> _About this task_
Word for word, set down the records and skip each picture.

── Materials provided ──

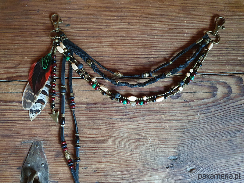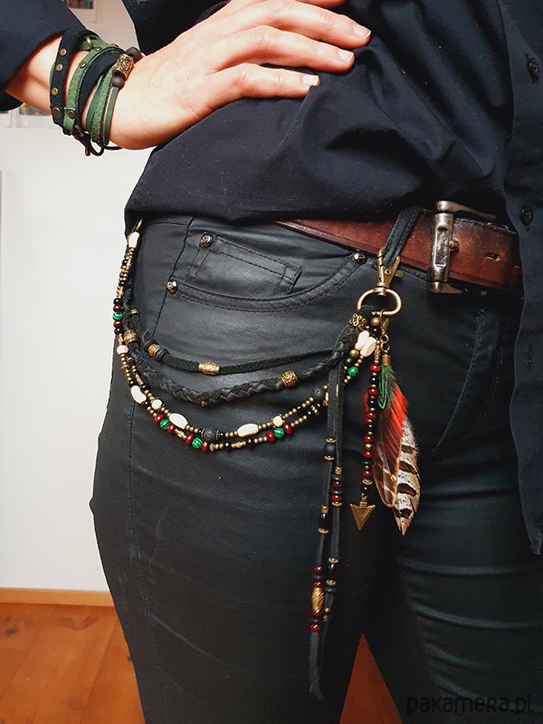 biżuteria na pas z koralików i piór naturalnych
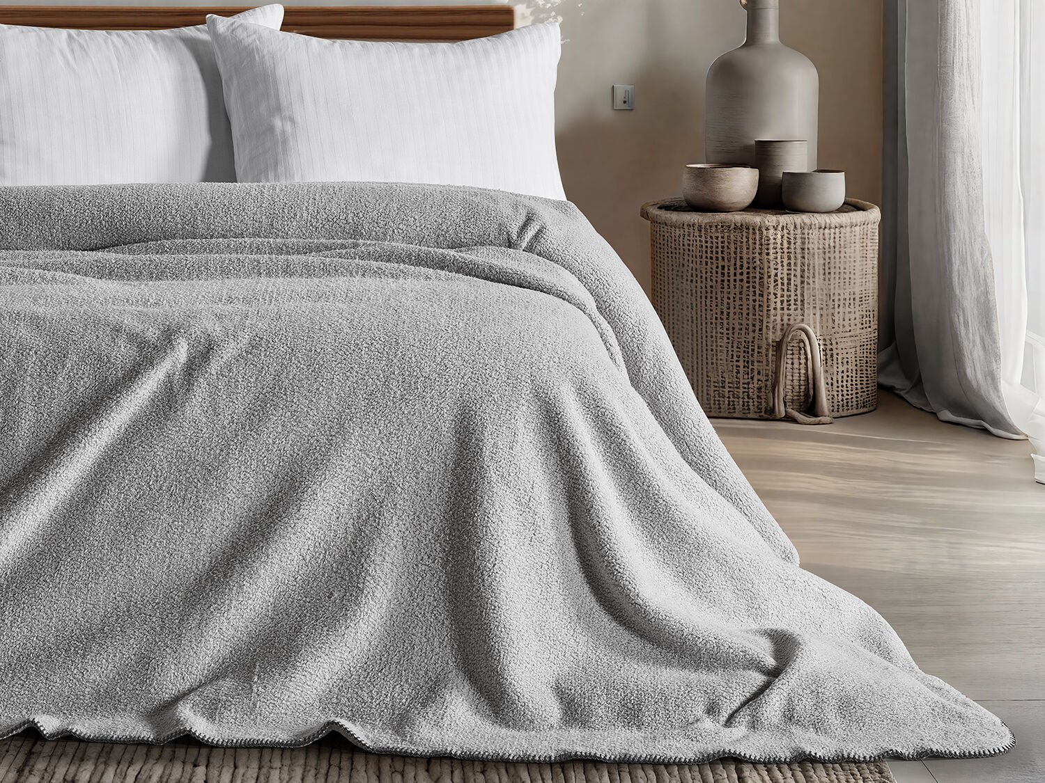 Светло сивото ќебе Мофи, кое се истакнува со својата мека текстура и едноставен дизајн, нуди топло и удобно користење со својата единечна големина. Благодарение на лесната структура, идеално е за сите четири сезони.
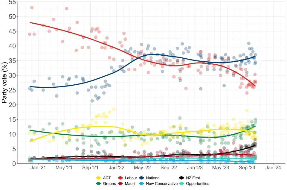 Le gouvernement mené par le Parti travailliste du Premier ministre Chris Hipkins fait face à une importante baisse de popularité face au Parti national mené par Christopher Luxon, sans qu'aucune des deux formations ne paraisse en mesure de former seule le prochain gouvernement.
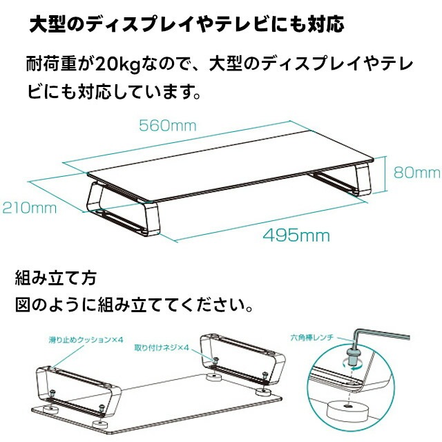耐荷重が20kgなので、大型のディスプレイやテレビにも対応しています。
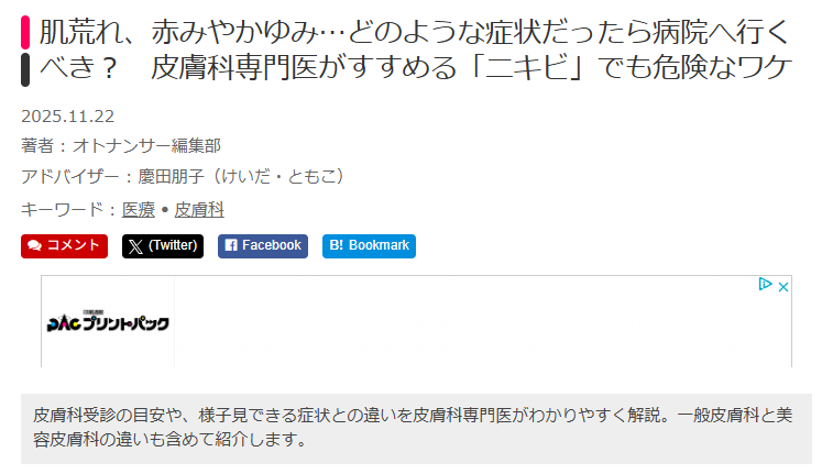 特集③「肌荒れ、赤みやかゆみ…どのような症状だったら病院へ行くべき? 皮膚科専門医がすすめる「ニキビ」でも危険なワケ」(2025年11月23日公開)
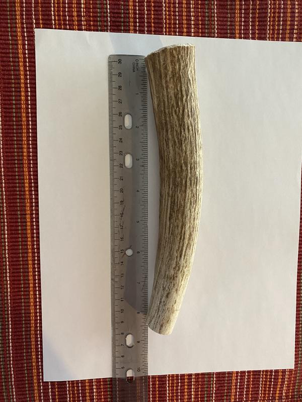 This antler is 8 " long and because it it an un-split antler it is just right for a large/X-large dog who needs to chew. It is all natural which is great to give
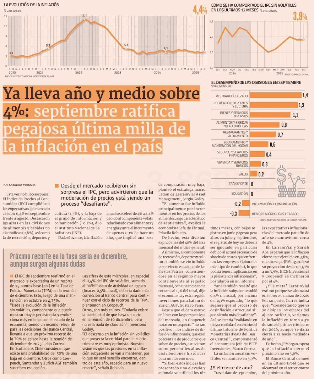 Inflación anualizada se acelera y recorte de tasa se aleja para fin de año - (El Mercurio de Santiago)
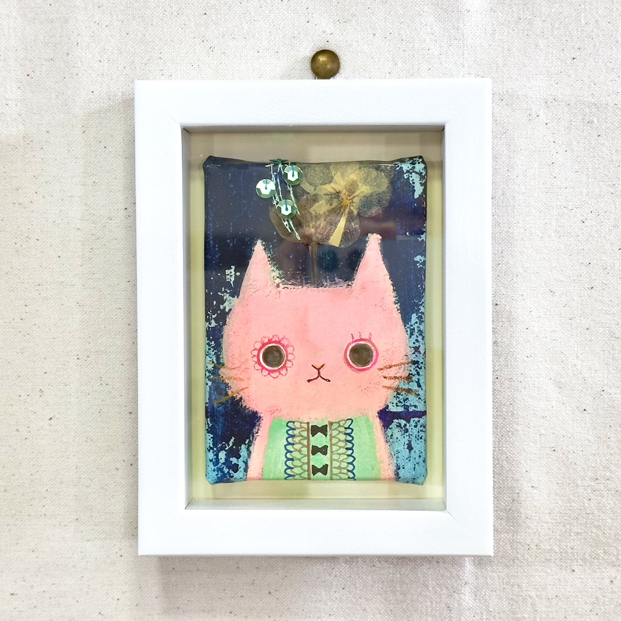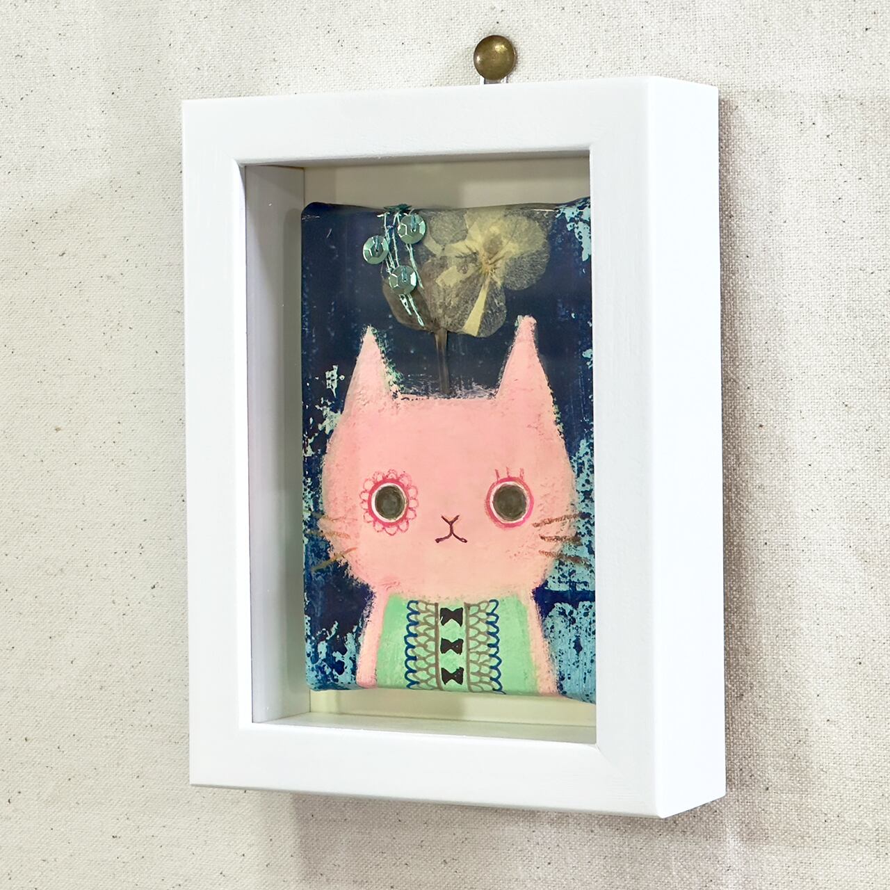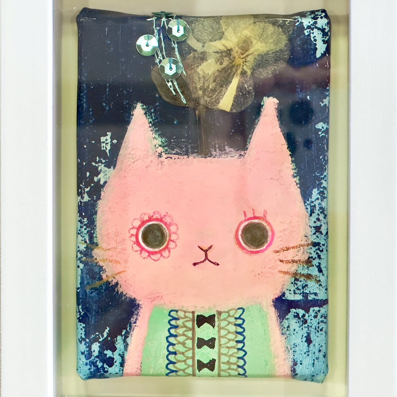 押し花アートアクリル画・ミニキャンバス「ピンクなネコ。」

───

> _Exercise output_
 biżuteria na pas z koralików i piór naturalnych
 Светло сивото ќебе Мофи, кое се истакнува со својата мека текстура и едноставен дизајн, нуди топло и удобно користење со својата единечна големина. Благодарение на лесната структура, идеално е за сите четири сезони.
 Le gouvernement mené par le Parti travailliste du Premier ministre Chris Hipkins fait face à une importante baisse de popularité face au Parti national mené par Christopher Luxon, sans qu'aucune des deux formations ne paraisse en mesure de former seule le prochain gouvernement.
耐荷重が20kgなので、大型のディスプレイやテレビにも対応しています。
 特集③「肌荒れ、赤みやかゆみ…どのような症状だったら病院へ行くべき? 皮膚科専門医がすすめる「ニキビ」でも危険なワケ」(2025年11月23日公開)
 This antler is 8 " long and because it it an un-split antler it is just right for a large/X-large dog who needs to chew. It is all natural which is great to give
 Inflación anualizada se acelera y recorte de tasa se aleja para fin de año - (El Mercurio de Santiago)
 押し花アートアクリル画・ミニキャンバス「ピンクなネコ。」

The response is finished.